The visible milestone was the matchup screen becoming durable. The /play experience could save bracket progress, survive a reload, fall back safely when storage was missing or broken, and return a completed run to the champion panel.

That is product progress.

But the more important lesson was smaller and stranger: the milestone did not close just because the implementation landed.

It closed because the review loop itself was checked.

The day was about persistence, accessibility, validation, and acceptance criteria. It was also about asking whether a review suggestion was actually grounded in repository policy or only sounded policy-shaped.

That distinction mattered.

Agent-assisted development works best when reviewers are taken seriously. It also works best when reviewers are not treated as oracles.

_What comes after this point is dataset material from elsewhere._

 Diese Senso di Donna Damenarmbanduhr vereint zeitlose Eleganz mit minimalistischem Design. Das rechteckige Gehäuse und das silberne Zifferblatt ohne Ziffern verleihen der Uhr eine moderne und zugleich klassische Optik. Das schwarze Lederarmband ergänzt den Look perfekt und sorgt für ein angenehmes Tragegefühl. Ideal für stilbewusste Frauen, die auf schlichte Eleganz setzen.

Day 60 was a useful reminder that governance is not obedience. Governance is the habit of checking claims against the source of truth before turning them into work.

Letting The Split Be A Success

M7 B2 had already split into B2a and B2b.

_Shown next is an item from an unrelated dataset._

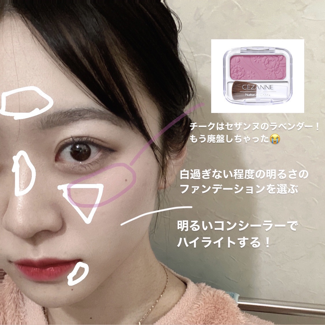 涙袋というものは立体的なものなので全体に明るいコンシーラーを塗ってしまうと不自然になってしまいます。 ピンクの部分にのみ明るいコンシーラーを塗ります🙆 この色が最高に自然にぷっくり仕上がる!!!

That could have been framed as a failure. The original B2 slice had grown large enough to hit the repository’s change-size guardrail, so the agent paused and asked for guidance instead of pushing through an oversized pull request.

That is exactly what the guardrail is for.

A line-count cap is not useful because it makes every slice magically small. It is useful because it forces a decision at the moment when a slice stops being honestly reviewable.

The agent could have tried to squeeze more work into the PR. It could have treated the cap as an inconvenience. Instead, the work narrowed.

B2a kept one part of the interaction path. B2b became the milestone-closing persistence slice.

That made the split governance evidence, not process failure.

The next question was whether B2b should continue in the same Opus chat or start fresh.

The decision was to start fresh.

B2b was cleanly bounded. It needed to cold-read the merged B2a state and the current repository rather than carry forward assumptions from the earlier combined B2 plan. That is one of the places where fresh context is not just a convenience. It is a safety feature.

The repository had moved. The slice had narrowed. The next agent should reason from that reality.

What B2b Needed To Prove

B2b’s job was focused but consequential.

It needed to make /play durable without making it magical.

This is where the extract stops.